Irena membuka kertas itu, ternyata struk tanda pembayaran atas pesanannya dan teman - temannya.


"Ahhh kenapa ervan membayar semuanya,,?" Gumam irena tak mengerti, lalu segera kembali dan bergabung lagi dengan mereka.


"Ahhh baiklah, kita harus segera pergi ke pernikahannya," kata nindi "mbak bill," memanggil pelayan kedai itu,


"Maaf mbak semua sudah di bayar," kata pelayan itu


"Hah sudah di bayar," kata nindi bingung. "ya, atas nama mbak irena,"merekapun terkejut, begitupun irena yang tak merasa membayarnya,


" Wahh kamu neraktir kita ren,,?" Tanya temannya "ahh, ya sesekali," jawab irena tersenyum dan mengerti apa maksud ervan,


"memang jumlahnya berapa ren, kita gak enak deh kalau kamu membayar semuanya," kata nindi


"ahhh gak apa kok, sesekali bolehkan," ujar irena, "ahh aku penasaran dengan harga kopinya," sambung nindi lagi, irena pun mengambil dan menyodorkan struk yang di berikab ervan, nindipun mengambil dan melihatnya karena dia merasa tak percaya.

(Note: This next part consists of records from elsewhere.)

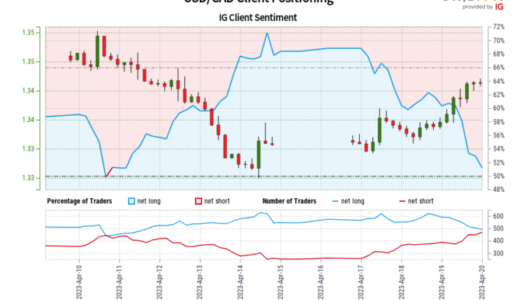 Our data shows traders are now net-short USD/CAD for the first time since Apr 10, 2023 19:00 GMT when USD/CAD traded near 1.35. Traders are further net-short than yesterday and last week, and the combination of current sentiment and recent changes gives us a stronger USD/CAD-bullish contrarian trading bias.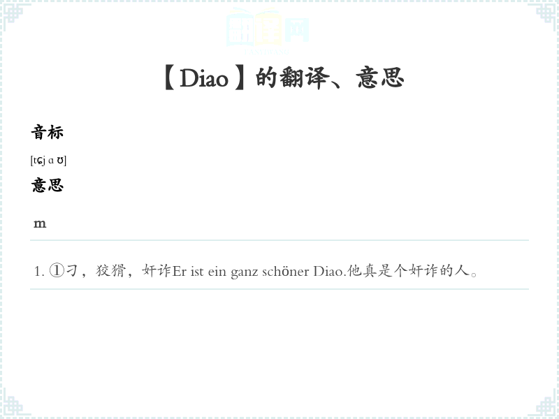 ①刁,狡猾,奸诈Er ist ein ganz schöner Diao.他真是个奸诈的人。
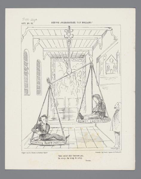 Editor: Here we have a lithograph, pen and ink drawing titled "Spotprent over de Tentoonstelling van Voorwerpen voor de Huishouding en het Bedrijf van den Handwerksman, 1869," or roughly, "Cartoon about the Exhibition of Objects for the Household and the Business of the Craftsman, 1869" by Johan Michaël Schmidt Crans. It’s a busy image; there are three figures in the foreground standing in front of what looks to be a building under construction. I’m curious, what catches your eye in this piece? Curator: Immediately, I see a fascinating layering of symbolic spaces. The grand exhibition hall looming behind is itself a symbol of progress and industry. The unfinished wooden wall becomes a barrier, both physical and metaphorical. It seems to say something about access and exclusion from the promise of that progress. The common man feels excluded. Editor: Interesting, I didn’t pick up on that exclusion initially. Can you elaborate? Curator: Notice how the figures are drawn – they're smaller, their expressions more downcast compared to the grandeur of the building. The text below reveals they feel unrepresented in the fair. Also note the dominance of the architectural elements, the rigid lines and defined spaces. They are set against the relative smallness and vulnerability of the human figures. How does this tension speak to you? Editor: Now I see that too, especially with the building dwarfing the figures. It’s as though they’re present, but not truly part of the celebration. The symbolism of a literally incomplete society is fascinating! Curator: Precisely. By the use of visual imagery and context, we see how societal progress isn't necessarily distributed equally, creating emotional resonance through time. It invites viewers to ponder what remains unfinished, and whose voices are unheard. Editor: That’s really given me a new perspective on how seemingly simple imagery can contain deeper social commentaries! Curator: Indeed. It showcases how artistic pieces of this era serve as time capsules, reflecting both the aspirations and anxieties of their age.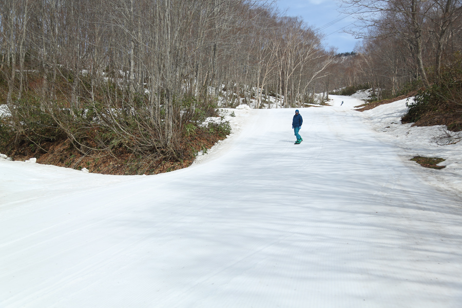 木陰の多い涼しげなコースを滑ろうと御殿場コース(写真)へ。しかし、終盤の緩斜面で板が走りづらくなり、スケーティングを頑張って結局汗だくになりました。ハンの木高速ペア沿いもシャラシャラとしたザラメ雪の圧雪でした。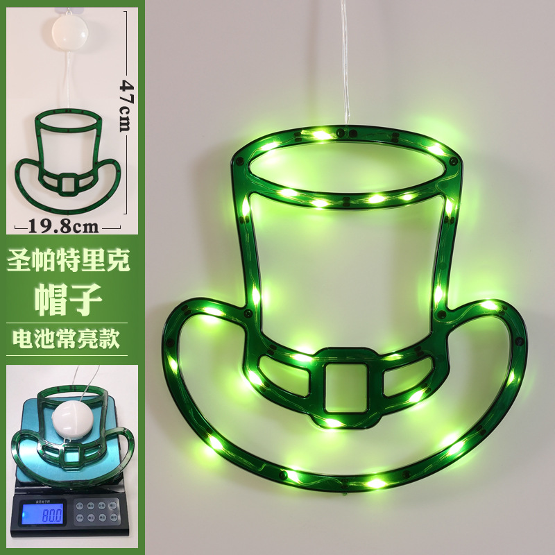 빛나는 샴록 LED 조명 펜던트 성 패트릭의 날 창 분위기 장식 아일랜드 축제 준비

Lagi - lagi irena dan teman - temannya di buat terkejut karena tiba - tiba kenan menunggu irena di dalam mobil dengan kaca terbuka.


"Wahh itukan kenan pernando,,"


"Iya,,wahhh ganteng banget,,"


Kata teman - temannya terpukau,


Irenapun menghampirinya,,


"Kenapa ada di sini,,?" Tanya irena,


"Masuklah, nanti biar aku hantar pergi,,!" Ujar kenan


" Okhh ya kalian duluan aja, nanti aku nyusul," teriak irena, dan segera masuk mobil.

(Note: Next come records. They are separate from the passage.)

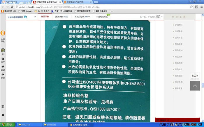 而在700的包装介绍上,却是这样介绍:采用高品质全合成基础油,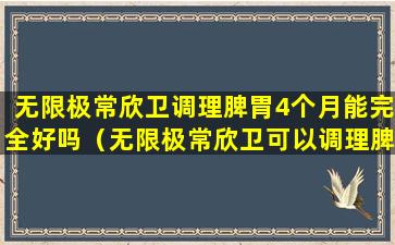 无限极常欣卫是一种保健品,它含有多种中草药成分,旨在帮助调理脾胃功能。保健品并不是药物,它们不能替代医生的诊断和治疗。关于“调理脾胃4个月能完全好吗”的问题,这取决于个人的具体情况,包括脾胃问题的严重程度、个人的生活习惯、饮食结构、是否同时接受其他治疗等多方面因素。
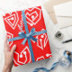 Este papel de embrulho tem um design moderno do século médio de um coração branco esparso, que se encontra num campo de vermelho.
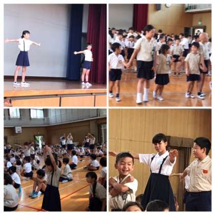 今日は久しぶりの英語集会!朝から「もうすぐ6年のお兄ちゃん、迎えに来てくれるかな?」と、ソワソワしながら待つ子ども達。集会の内容は、子ども達が大好きなジャンケンゲームでした。「Rock Scissors Paper 1,2,3!」元気な声が講堂に響きました♪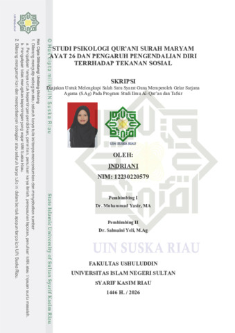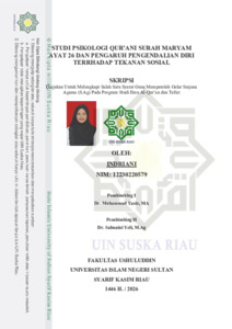 INDRIANI, - (2026) STUDI PSIKOLOGI QUR’ANI SURAH MARYAM AYAT 26 DAN PENGARUH PENGENDALIAN DIRI TERRHADAP TEKANAN SOSIAL. Skripsi thesis, Universitas Islam Negeri Sultan Syarif Kasim Riau.

Kenanpun melajukan mobilnya di ikuti rama dan tegar di belakang,


Ternyata mereka pergi ke salon besar bahkan ada toko pakaiannya


,


"Turunlah,," perintah kenan, lalu mereka pun turun, irena nampak bingung, dan ikut masuk ke dalam salon besar itu


"Wahhh tuan kenan, sudah lama tidak kemari,,?" Tanya salah satu pegawainya.


"Ahh tolong dandanni dia ke pernikahan temannya,sekalian pilihkan baju semuanya deh" bisik kenan


"Okhh ok, mari sini nona," kata pegawainya lalu membawa irena untuk di dandanni,


Kring,, kring ,,kring.


"Ya halo,, ahh baiklah,," ujar kenan menjawab telpon, lalu bergegas pergi,


"Tegar,, ikut denganku,, rama kamu nanti tolong hantar irena, mm sekalian nih, tolong bayarkan, aku ada urusan sebentar.." kata kenan tergesa - gesa seraya memberikan kartu kreditnya untuk membayar biaya irena, dan memberikan kunci mobilnya pada tegar.


"Ahh baiklah tuan," ujar rama mengambil kreditnya.


Irenapun telah selesai di sulap menjadi putri,,


Mengenakan dres merah kombinasi brukat selutut Tangan 1/4, rambut terurai dengan keriting gantung yang membuatnya sangat cantik, tak lupa sepatu merahnya yang cantik.


"Wahhh cantik sekali kamu ren,," ujar rama memuji dan terpukau akan kecantikan irena,


"Tuan kenan mana,,?" Tanya irena,


"Ahh dia ada urusan,," jawab rama,


Lalu rama pun segera membayar biayanya menggunakan kartu kredit kenan.


Merekapun segera pergi ke pesta pernikahannya.